The problem: From top to bottom, write out the listing exactly and skip every picture.

Dataset excerpt:
BEGIN

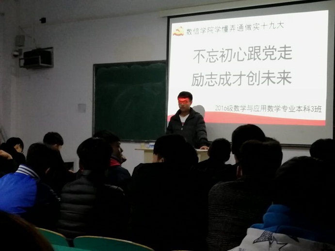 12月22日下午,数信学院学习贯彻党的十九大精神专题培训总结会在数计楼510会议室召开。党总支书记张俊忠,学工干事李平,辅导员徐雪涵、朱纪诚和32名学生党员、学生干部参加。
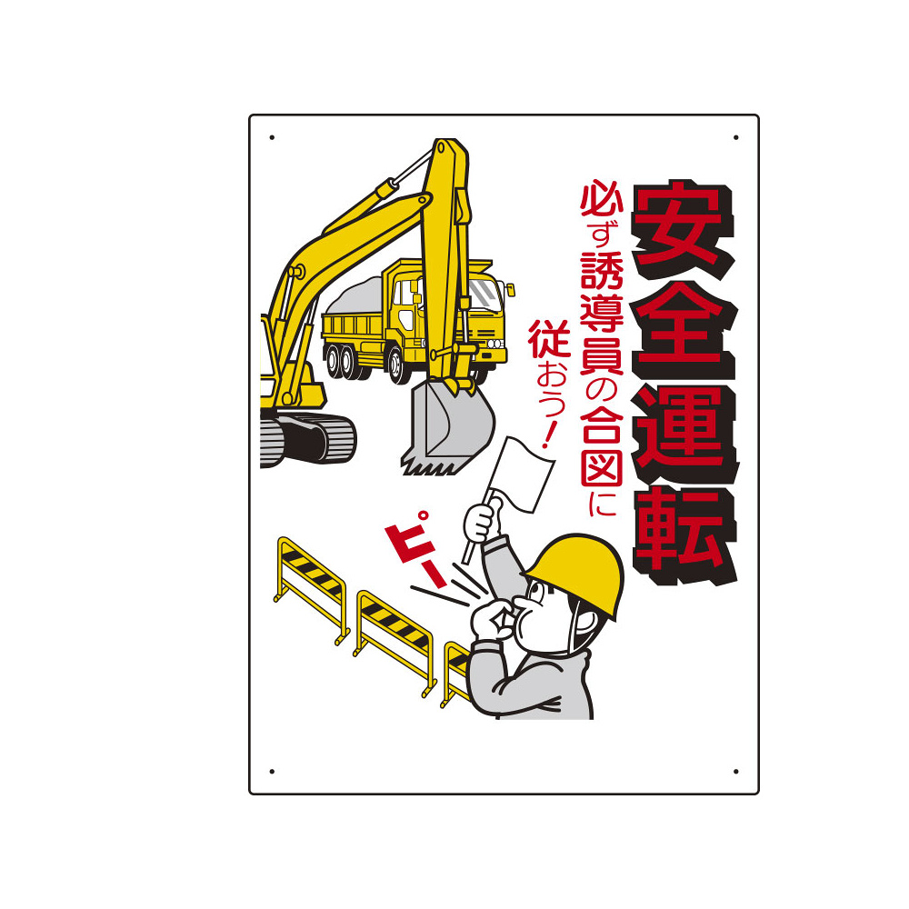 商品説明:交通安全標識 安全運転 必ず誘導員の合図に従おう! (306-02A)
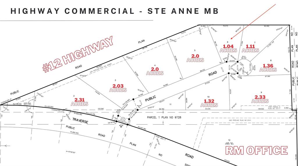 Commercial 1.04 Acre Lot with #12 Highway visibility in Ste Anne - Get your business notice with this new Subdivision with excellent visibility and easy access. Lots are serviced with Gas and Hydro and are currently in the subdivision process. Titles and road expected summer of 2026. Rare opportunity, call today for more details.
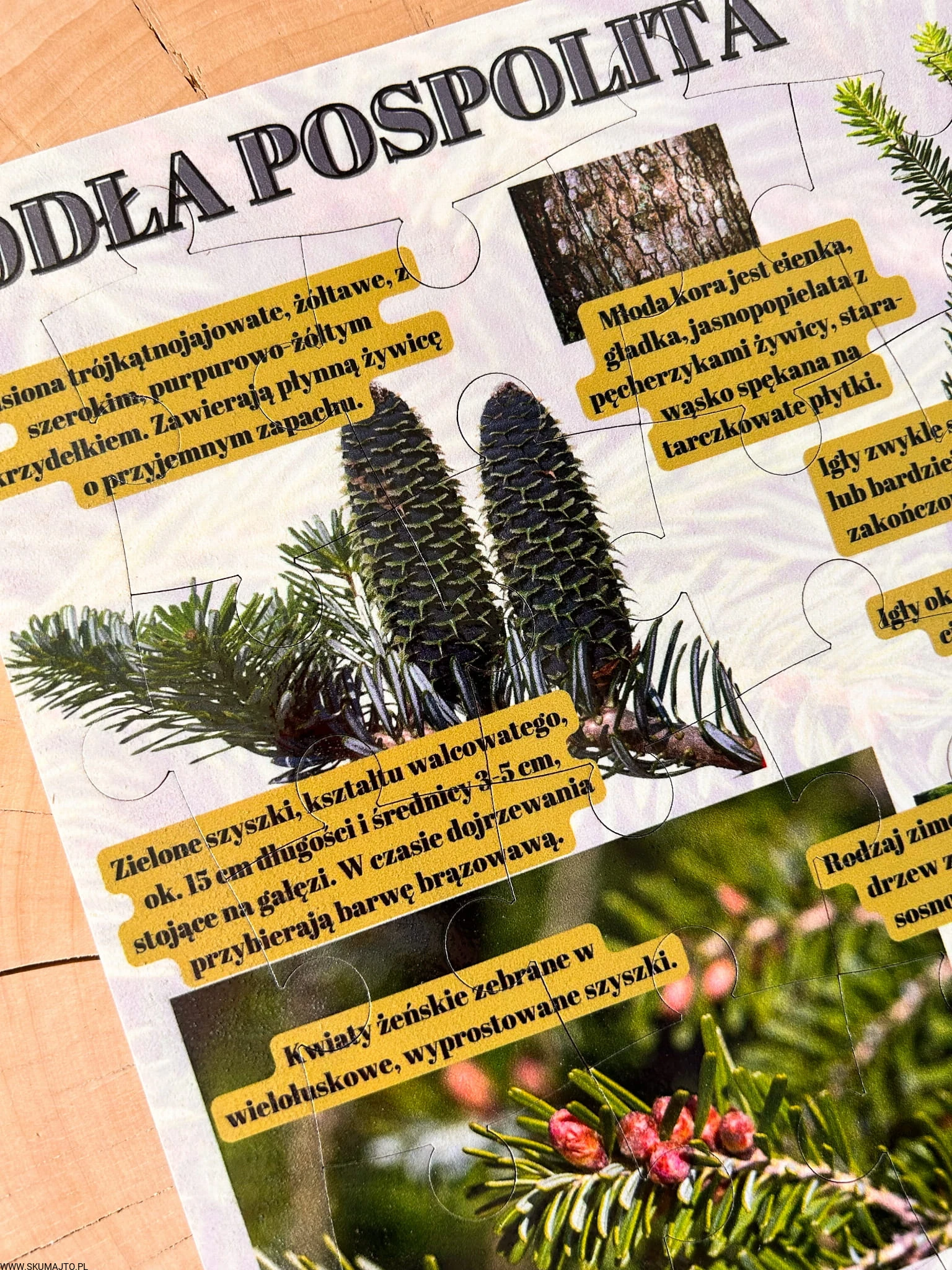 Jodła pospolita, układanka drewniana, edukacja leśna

END

Exercise solution:
 12月22日下午,数信学院学习贯彻党的十九大精神专题培训总结会在数计楼510会议室召开。党总支书记张俊忠,学工干事李平,辅导员徐雪涵、朱纪诚和32名学生党员、学生干部参加。
 商品説明:交通安全標識 安全運転 必ず誘導員の合図に従おう! (306-02A)
 Commercial 1.04 Acre Lot with #12 Highway visibility in Ste Anne - Get your business notice with this new Subdivision with excellent visibility and easy access. Lots are serviced with Gas and Hydro and are currently in the subdivision process. Titles and road expected summer of 2026. Rare opportunity, call today for more details.
 Jodła pospolita, układanka drewniana, edukacja leśna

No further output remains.